Materials provided Start Marker

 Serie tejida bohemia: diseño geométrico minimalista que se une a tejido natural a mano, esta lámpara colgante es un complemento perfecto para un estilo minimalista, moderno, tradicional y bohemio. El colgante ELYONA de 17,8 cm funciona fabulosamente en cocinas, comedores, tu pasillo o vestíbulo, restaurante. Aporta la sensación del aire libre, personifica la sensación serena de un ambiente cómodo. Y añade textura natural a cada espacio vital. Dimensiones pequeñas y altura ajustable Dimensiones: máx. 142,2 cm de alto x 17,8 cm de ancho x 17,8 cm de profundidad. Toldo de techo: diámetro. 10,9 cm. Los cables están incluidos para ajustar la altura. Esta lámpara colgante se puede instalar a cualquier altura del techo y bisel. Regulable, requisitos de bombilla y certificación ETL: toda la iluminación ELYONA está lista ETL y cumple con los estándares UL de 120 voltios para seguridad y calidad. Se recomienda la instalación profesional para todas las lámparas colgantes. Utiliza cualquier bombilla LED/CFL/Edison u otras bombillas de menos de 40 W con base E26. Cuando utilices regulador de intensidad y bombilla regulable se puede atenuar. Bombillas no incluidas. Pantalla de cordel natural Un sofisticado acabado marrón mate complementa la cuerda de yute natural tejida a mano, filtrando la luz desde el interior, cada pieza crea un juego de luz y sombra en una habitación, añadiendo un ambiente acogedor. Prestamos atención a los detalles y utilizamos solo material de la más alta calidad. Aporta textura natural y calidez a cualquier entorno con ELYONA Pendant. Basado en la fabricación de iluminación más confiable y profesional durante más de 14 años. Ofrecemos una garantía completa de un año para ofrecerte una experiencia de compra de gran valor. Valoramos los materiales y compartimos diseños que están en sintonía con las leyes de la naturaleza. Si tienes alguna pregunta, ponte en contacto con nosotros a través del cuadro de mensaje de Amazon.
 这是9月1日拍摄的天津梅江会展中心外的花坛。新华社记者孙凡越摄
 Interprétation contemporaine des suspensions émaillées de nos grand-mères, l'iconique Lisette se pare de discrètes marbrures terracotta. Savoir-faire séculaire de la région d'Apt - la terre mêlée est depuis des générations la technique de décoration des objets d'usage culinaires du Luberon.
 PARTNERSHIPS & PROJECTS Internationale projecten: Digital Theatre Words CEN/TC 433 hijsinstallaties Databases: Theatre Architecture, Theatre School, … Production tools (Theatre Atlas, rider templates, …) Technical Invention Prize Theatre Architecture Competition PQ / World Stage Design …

Materials provided End Marker
Materials provided Start Marker

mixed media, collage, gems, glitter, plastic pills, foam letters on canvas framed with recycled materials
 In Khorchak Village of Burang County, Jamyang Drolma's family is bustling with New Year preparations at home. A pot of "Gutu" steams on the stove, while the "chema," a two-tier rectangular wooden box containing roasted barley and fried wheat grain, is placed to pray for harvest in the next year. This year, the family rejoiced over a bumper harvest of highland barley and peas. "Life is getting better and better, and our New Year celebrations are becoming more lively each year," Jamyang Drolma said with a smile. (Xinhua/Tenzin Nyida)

Materials provided End Marker
Materials provided Start Marker

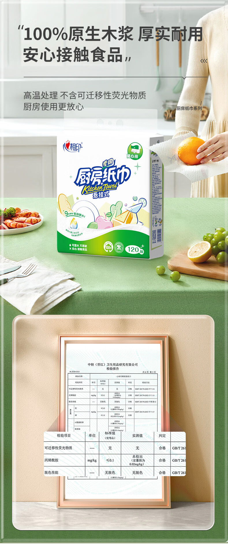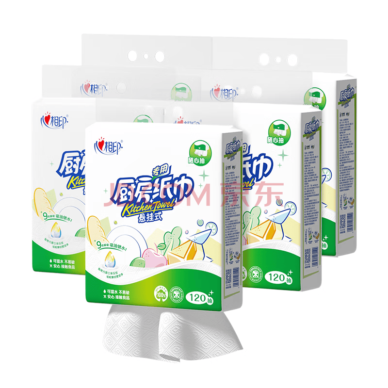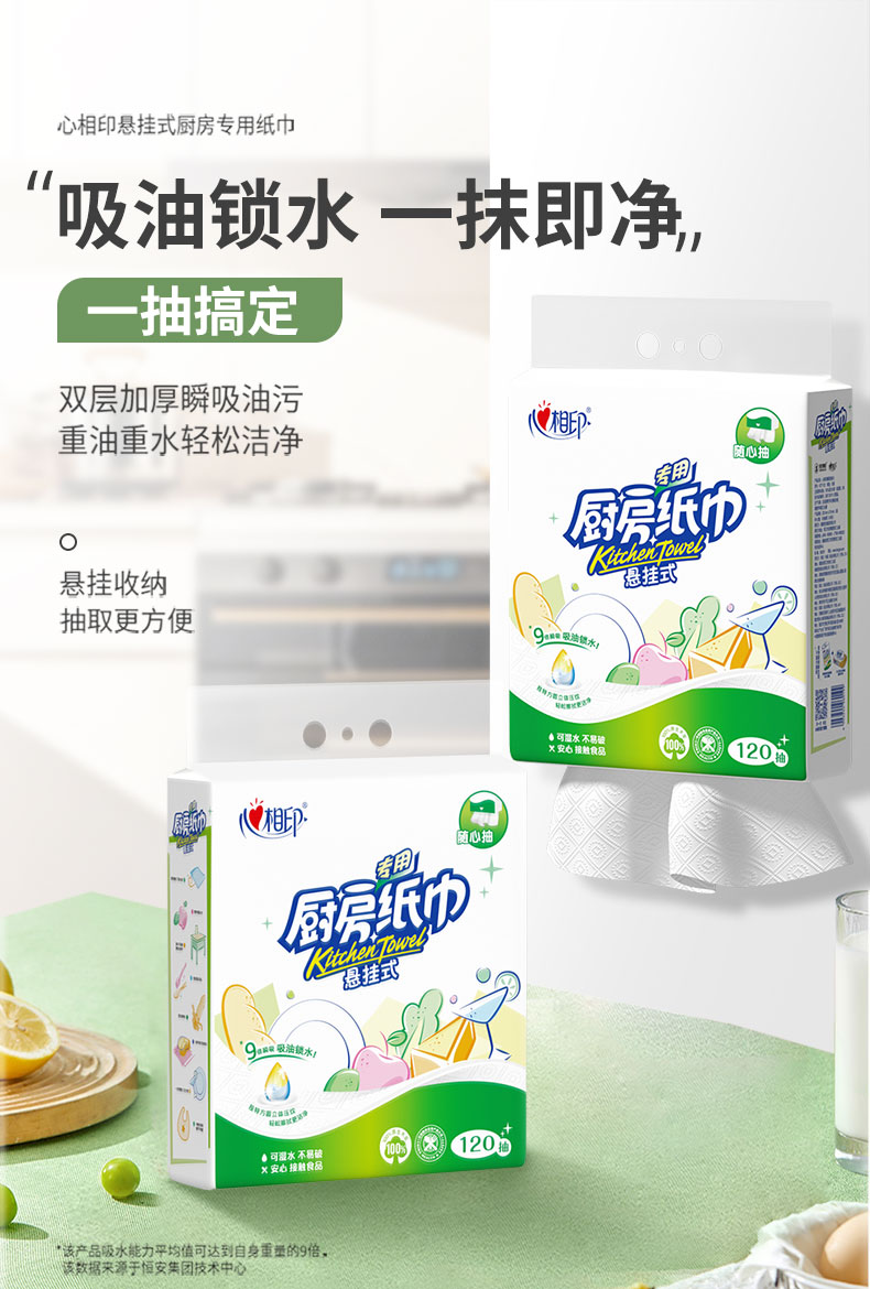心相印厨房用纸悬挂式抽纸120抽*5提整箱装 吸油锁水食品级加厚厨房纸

Materials provided End Marker

▶ _Task requirements_
Scan the listing for the string "with" and copy every line that carries it.

▶ _Solved problem_
mixed media, collage, gems, glitter, plastic pills, foam letters on canvas framed with recycled materials
 In Khorchak Village of Burang County, Jamyang Drolma's family is bustling with New Year preparations at home. A pot of "Gutu" steams on the stove, while the "chema," a two-tier rectangular wooden box containing roasted barley and fried wheat grain, is placed to pray for harvest in the next year. This year, the family rejoiced over a bumper harvest of highland barley and peas. "Life is getting better and better, and our New Year celebrations are becoming more lively each year," Jamyang Drolma said with a smile. (Xinhua/Tenzin Nyida)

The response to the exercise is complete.